- _The problem_
Return only the lines below starting at the line containing "県立那覇国際高校の用地取得議" and ending at the line containing "Não só da produção", both included, exactly as they are and with no pictures.

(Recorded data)
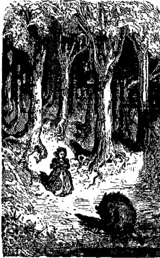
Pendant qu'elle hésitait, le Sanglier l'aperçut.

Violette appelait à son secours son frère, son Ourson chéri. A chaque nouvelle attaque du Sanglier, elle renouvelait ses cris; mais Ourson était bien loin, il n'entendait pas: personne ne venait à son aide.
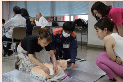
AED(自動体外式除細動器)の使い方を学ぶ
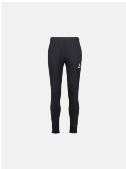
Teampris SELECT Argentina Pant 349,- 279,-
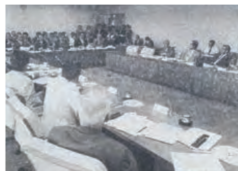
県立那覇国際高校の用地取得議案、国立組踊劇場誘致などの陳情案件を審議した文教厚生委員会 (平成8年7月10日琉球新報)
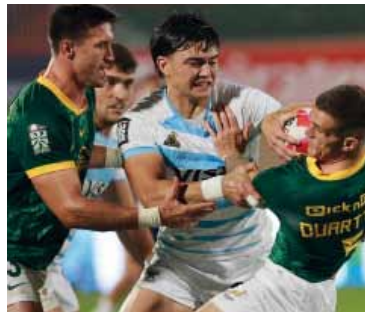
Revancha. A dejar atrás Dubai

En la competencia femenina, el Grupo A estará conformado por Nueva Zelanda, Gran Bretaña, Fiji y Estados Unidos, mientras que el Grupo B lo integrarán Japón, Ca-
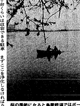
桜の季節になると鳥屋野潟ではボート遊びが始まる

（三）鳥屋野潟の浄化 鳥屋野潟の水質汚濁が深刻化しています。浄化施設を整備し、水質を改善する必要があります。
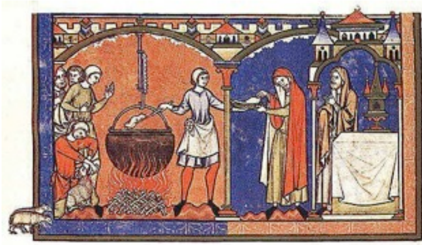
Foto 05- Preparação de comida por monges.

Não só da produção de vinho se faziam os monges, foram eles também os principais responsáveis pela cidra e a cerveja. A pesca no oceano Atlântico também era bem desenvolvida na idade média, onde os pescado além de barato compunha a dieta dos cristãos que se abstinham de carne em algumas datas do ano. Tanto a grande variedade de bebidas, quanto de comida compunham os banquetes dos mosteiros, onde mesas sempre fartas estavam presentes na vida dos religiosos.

==

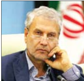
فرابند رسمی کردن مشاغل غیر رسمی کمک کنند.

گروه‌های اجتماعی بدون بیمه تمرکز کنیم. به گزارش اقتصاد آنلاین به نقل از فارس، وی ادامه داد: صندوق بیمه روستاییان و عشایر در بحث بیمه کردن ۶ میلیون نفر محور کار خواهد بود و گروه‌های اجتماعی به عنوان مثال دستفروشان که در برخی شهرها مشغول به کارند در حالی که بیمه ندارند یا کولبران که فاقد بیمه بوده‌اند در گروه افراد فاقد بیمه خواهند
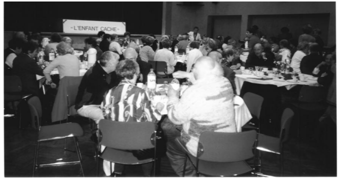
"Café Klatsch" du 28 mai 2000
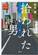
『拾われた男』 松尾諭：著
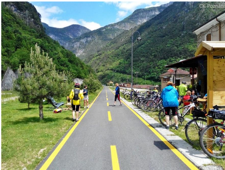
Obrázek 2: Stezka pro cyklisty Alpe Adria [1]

- _Final answer_
県立那覇国際高校の用地取得議案、国立組踊劇場誘致などの陳情案件を審議した文教厚生委員会 (平成8年7月10日琉球新報)
Revancha. A dejar atrás Dubai

En la competencia femenina, el Grupo A estará conformado por Nueva Zelanda, Gran Bretaña, Fiji y Estados Unidos, mientras que el Grupo B lo integrarán Japón, Ca-
桜の季節になると鳥屋野潟ではボート遊びが始まる

（三）鳥屋野潟の浄化 鳥屋野潟の水質汚濁が深刻化しています。浄化施設を整備し、水質を改善する必要があります。
Foto 05- Preparação de comida por monges.

Não só da produção de vinho se faziam os monges, foram eles também os principais responsáveis pela cidra e a cerveja. A pesca no oceano Atlântico também era bem desenvolvida na idade média, onde os pescado além de barato compunha a dieta dos cristãos que se abstinham de carne em algumas datas do ano. Tanto a grande variedade de bebidas, quanto de comida compunham os banquetes dos mosteiros, onde mesas sempre fartas estavam presentes na vida dos religiosos.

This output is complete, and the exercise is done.